### WHAT YOU NEED TO DO:
Omit all pictures, then print the entries exactly.

*** EXTRACTED DATA ***

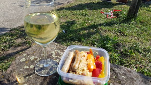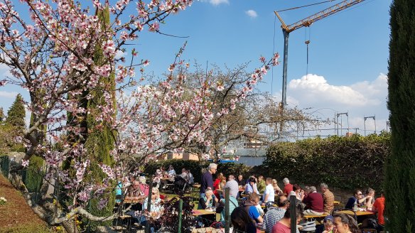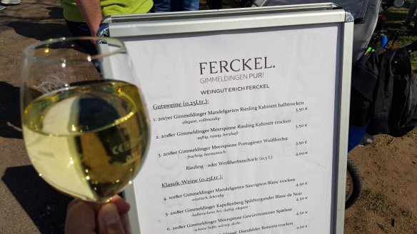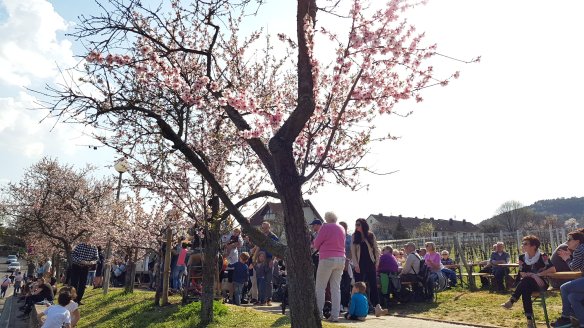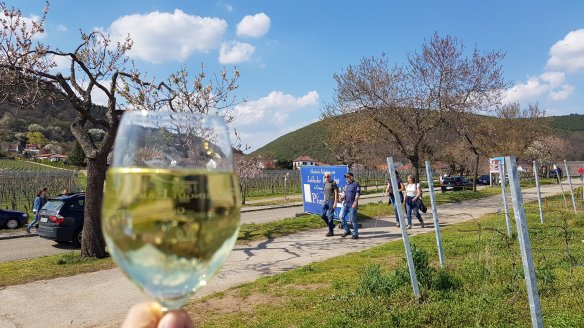 日本的賞花是在櫻花樹下喝清酒,德國當然是在杏花樹下喝葡萄酒了。喝了當地酒莊一杯3.5歐元的白葡萄酒,入口還蠻順口的,之後(也只得)散步一個多小時再開車離開。
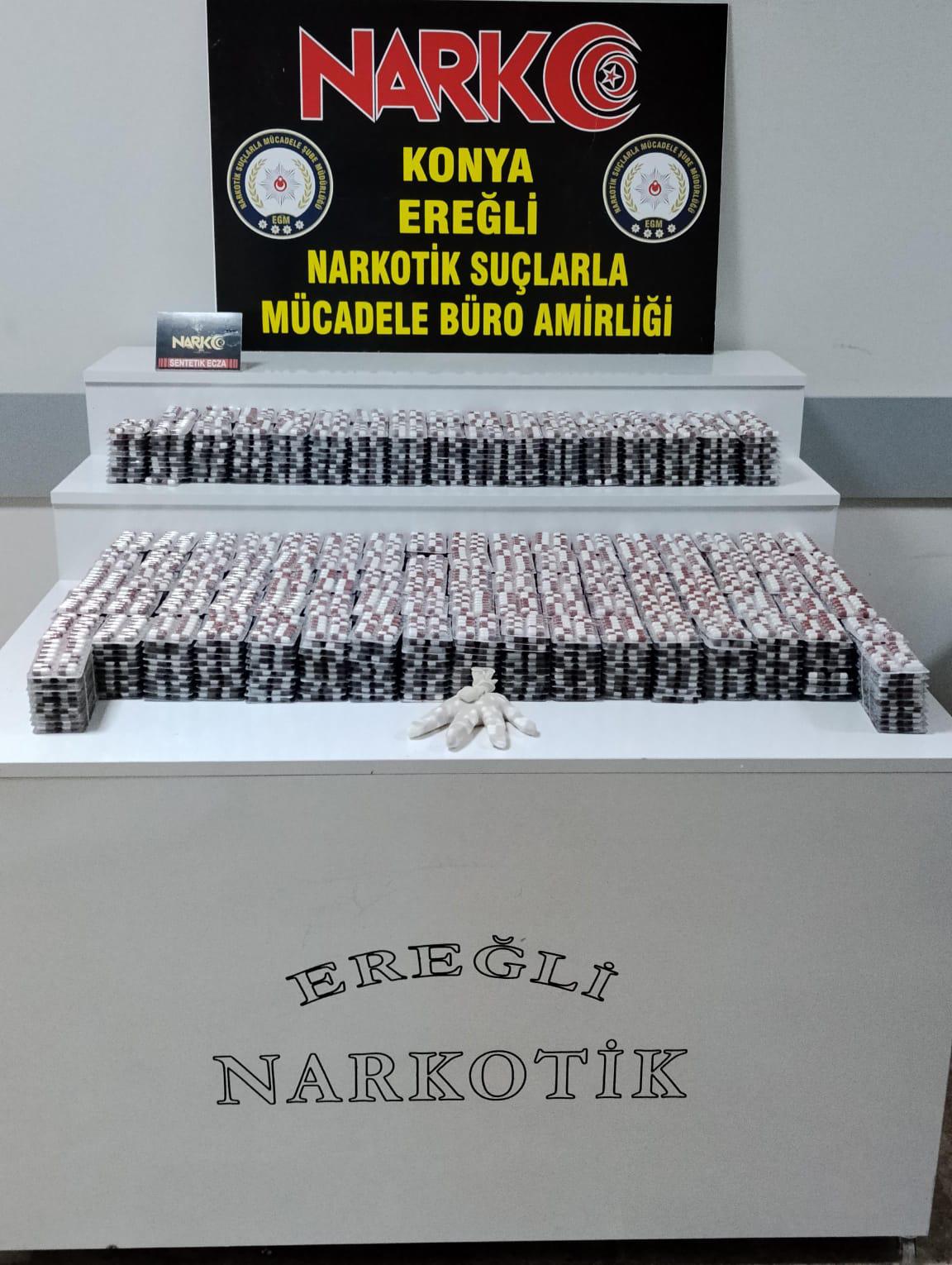 Konya'nın Ereğli ilçesinde düzenlenen uyuşturucu operasyonunda, Adana’dan getirildiği belirlenen 16 bin 541 sentetik hap ele geçirilirken 3 şüpheli de tutuklandı.
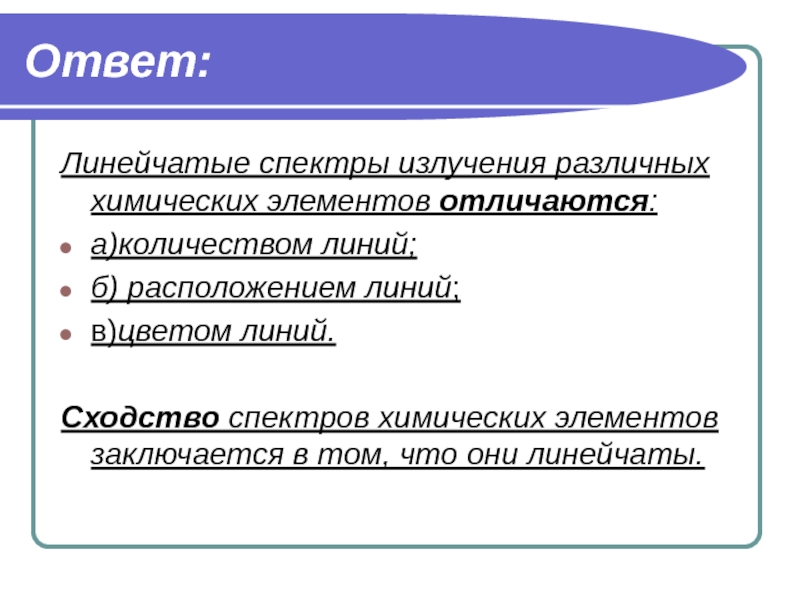 Линейчатые спектры излучения различных химических элементов отличаются:
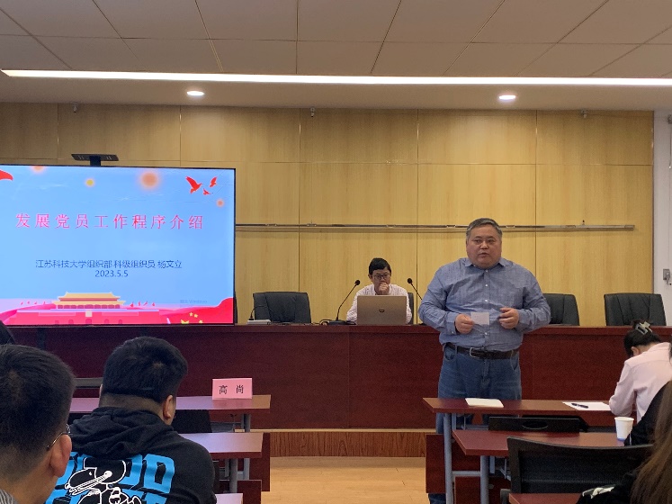为深入开展学习贯彻习近平新时代中国特色社会主义思想主题教育,扎实推进党员教育培训工作,深化提升培训实效,进一步增强广大师生党员党性修养,5月5日上午,龙8-long8(中国)唯一官方网站党委邀请江苏科技大学组织部科级组织员杨文立老师,就《发展党员工作程序》进行专题讲解,以进一步明确党支部发展党员工作的流程与规范,解答发展工作过程中实际遇到的问题。龙8-long8(中国)唯一官方网站党委书记高尚出席并主持,船舶与海洋工程学院、能源与动力学院、经济管理学院、龙8-long8(中国)唯一官方网站、粮食学院组织员、支部书记、支部委员参加。
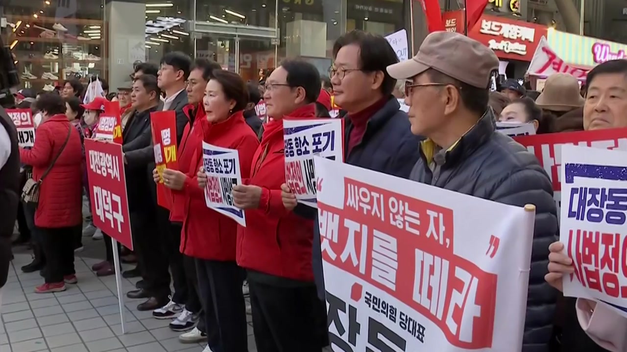 12·3 비상계엄 사태 1년을 앞두고국민의힘이 장외집회를 이어가고 있습니다. 하지만 지도부 내에서도대여 투쟁과 사과 요구가 동시에 쏟아지면서 균열이 생기고 있는 모습입니다. 관련 내용,최창렬 용인대 특임교수,김철현 전 국회정책연구위원과 짚어보겠습니다. 어서 오십시오. 국민의힘 의원들은 장외집회에 나서고 있는데요. 현장에서 나온 발언부터 듣고 오겠습니다. 비상계엄을 둘러싸고 지도부 사이에서도 이견이 있는 모습이었습니다. 우선 장동혁 대표가 전날 대구에서도 그렇고 대전에서 있었던 장외집회에서도 계엄 원인이 민주당의 의회 폭거 때문이라고 했거든요. 어떻게 들으셨습니까?
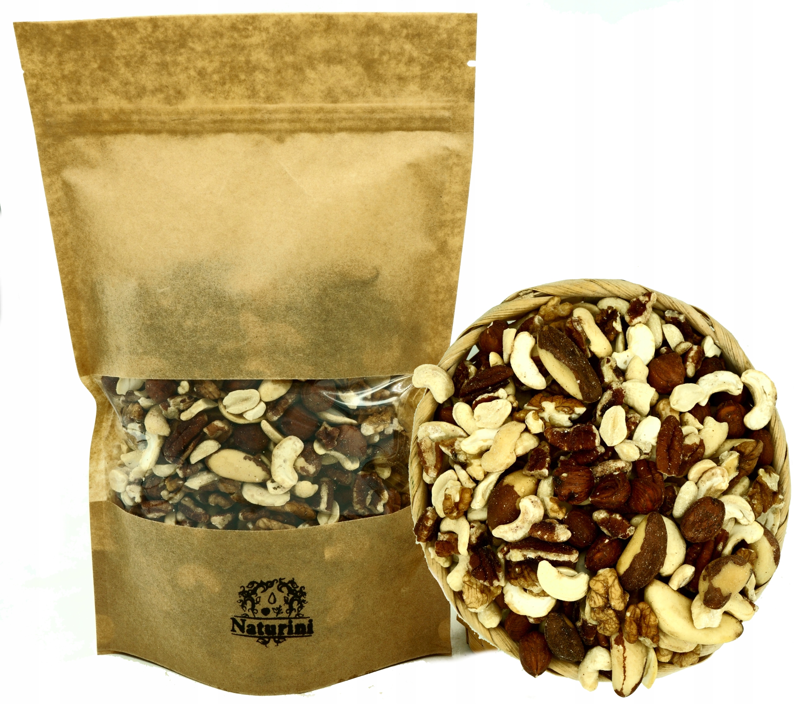 Інгредієнти: смажений арахіс (30%), волоські горіхи (25%), половинки кешью (20%) , горіхи пекан (15%), сирі фісташки (10%)

*** End of EXTRACTED DATA ***

### PROBLEM SOLUTION:
 日本的賞花是在櫻花樹下喝清酒,德國當然是在杏花樹下喝葡萄酒了。喝了當地酒莊一杯3.5歐元的白葡萄酒,入口還蠻順口的,之後(也只得)散步一個多小時再開車離開。
 Konya'nın Ereğli ilçesinde düzenlenen uyuşturucu operasyonunda, Adana’dan getirildiği belirlenen 16 bin 541 sentetik hap ele geçirilirken 3 şüpheli de tutuklandı.
 Линейчатые спектры излучения различных химических элементов отличаются:
为深入开展学习贯彻习近平新时代中国特色社会主义思想主题教育,扎实推进党员教育培训工作,深化提升培训实效,进一步增强广大师生党员党性修养,5月5日上午,龙8-long8(中国)唯一官方网站党委邀请江苏科技大学组织部科级组织员杨文立老师,就《发展党员工作程序》进行专题讲解,以进一步明确党支部发展党员工作的流程与规范,解答发展工作过程中实际遇到的问题。龙8-long8(中国)唯一官方网站党委书记高尚出席并主持,船舶与海洋工程学院、能源与动力学院、经济管理学院、龙8-long8(中国)唯一官方网站、粮食学院组织员、支部书记、支部委员参加。
 12·3 비상계엄 사태 1년을 앞두고국민의힘이 장외집회를 이어가고 있습니다. 하지만 지도부 내에서도대여 투쟁과 사과 요구가 동시에 쏟아지면서 균열이 생기고 있는 모습입니다. 관련 내용,최창렬 용인대 특임교수,김철현 전 국회정책연구위원과 짚어보겠습니다. 어서 오십시오. 국민의힘 의원들은 장외집회에 나서고 있는데요. 현장에서 나온 발언부터 듣고 오겠습니다. 비상계엄을 둘러싸고 지도부 사이에서도 이견이 있는 모습이었습니다. 우선 장동혁 대표가 전날 대구에서도 그렇고 대전에서 있었던 장외집회에서도 계엄 원인이 민주당의 의회 폭거 때문이라고 했거든요. 어떻게 들으셨습니까?
 Інгредієнти: смажений арахіс (30%), волоські горіхи (25%), половинки кешью (20%) , горіхи пекан (15%), сирі фісташки (10%)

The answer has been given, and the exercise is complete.